I have worked exclusively on the hardware side of this project, building and testing the basic building blocks of the overlay, as well as generating the overlay itself. My current goals are to work with Neil to get the overlay and VPR bitstream generator working together, as this is the next crucial step in the project.

We have extended our schedule and deadlines from our initial proposal. We intentionally budgeted a large amount of spare time at the end of the term to be used on possible complications and bugs in the project, as the nature of this projects requires extensive debugging in order to get all of the components to function together.

Our overlay design turned out to be quite resource consuming, and as it stands we cannot fit as large a virtual FPGA onto a commercial board as we would have liked. This was a risk identified in the proposal, but we believe we can still produce an overlay large enough to house meaningful circuits for demonstration and proof-of-concept purposes. If there is extra time left at the end of the project, we may attempt to improve the efficiency of our overlay design.

# 1 Individual Progress and Contributions

The following table is an overview of my contributions to the project. An updated Gantt chart may be found in Appendix A.

| Task title                        | Category | Status      | Original date | New date     |
|-----------------------------------|----------|-------------|---------------|--------------|
| 1. Basic virtual overlay modules  | hardware | completed   | Aug-Oct 15    | Aug-Nov 2    |
| 2. Complete overlay design        | hardware | debugging   | Oct 15-Jan 15 | Nov2-Jan 20  |
| 3. Stress-testing and improvement | testing  | not started | Dec 15-Apr 1  | Jan 15-Apr 1 |

#### 2 Information on individual Milestones

#### 1. Basic virtual overlay modules

Category: hardware

Original date: August - October 15 New date: August - November 2

Responsibility: Keyi, Neil

I wrote the basic logic element, multiplexer, and switch block.

**Status:** completed: individual modules are tested and functional according to planned requirements.

#### Actions

- I wrote the logic element, multiplexer, and switch block modules.
- I wrote multi-layer shift-multiplexers for different numbers of inputs.
- All modules needed to be programmable via a scan chain.

#### **Decisions**

- We used the native 32-bit shift registers available on the Virtex 5 board as the building block for our basic modules. The shift registers allowed for the use of a scan chain set up to program all components of the overlay.
- The different modules required multiplexers of different sizes.
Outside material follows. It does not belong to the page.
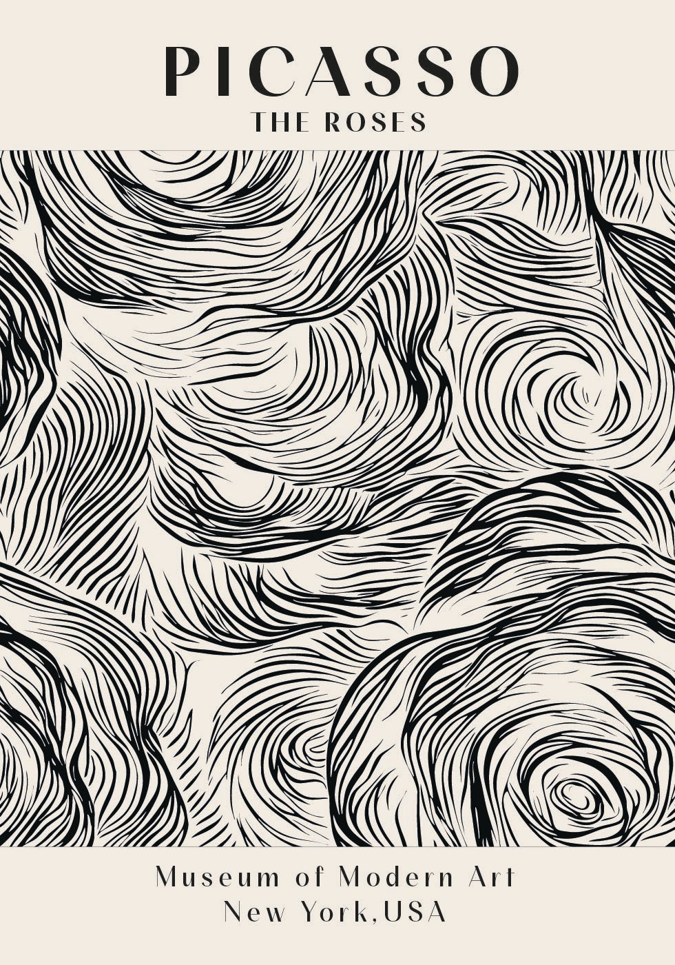 Een moderne abstracte poster, geïnspireerd door Picasso, met wervelende zwarte lijnen die een ingewikkeld rozenpatroon vormen. Het contrastrijke zwart-beige palet benadrukt de artistieke en verfijnde expressie. Een eerbetoon aan hedendaagse en abstracte kunst, perfect voor moderne interieurs en kunstliefhebbers.

In order to simplify coding and save on area, I created a master multiplexer module that adjusted its size to suit the number of inputs required.
- To keep our project simple and the overhead area down, we decided against giving our switchblock full connectivity.
- Each module was coded to allow the user to define the number of inputs and outputs from logic blocks, as well as the width of the bus interconnecting the modules.
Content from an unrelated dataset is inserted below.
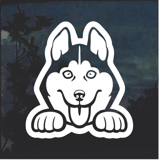 Husky Peeking Window Decal Sticker

#### Testing, verification and results

• Each module was tested using manually created bitstream files to program different functionalities to ensure correct performance. Functionality was observed by using on-board switches and LEDs

#### 2. Complete overlay design

Category: hardware

Original date: October 15 - January 15 New date: November 2 - January 20

#### Responsibility: Keyi

Status: debugging

The design is complete, but not yet functional with the VPR-generated bitstream. Further testing is required to determine the source of the problems.

#### Actions

- I wrote the overlay grid boundary and interconnects between tiles.
- I connected the appropriate signals to the inputs and outputs of the overlay.

#### **Decisions**

- In order to keep track of interconnects and ensure they were placed correctly, we utilized a 2D coordinate system for the overlay grid.
- We decided to re-use the existing connection block and switch block modules for the boundaries of the overlay in order to save time and keep the code simple.
- Because of the structure of our connection blocks, the number of outputs per connection block is restricted indirectly by the number of basic logic elements per logic block. We decided this was an acceptable restriction.

#### Testing, verification and results

- Testing is still in progress, and will be more complex than previous hardware testing procedures, as the overlay is much more complex and multi-layered.
- The resources taken by single tile generated with different parameters has been tested and documented, the results of which are available in Appendix C. The data shows us just how resource-intensive a single tile is currently.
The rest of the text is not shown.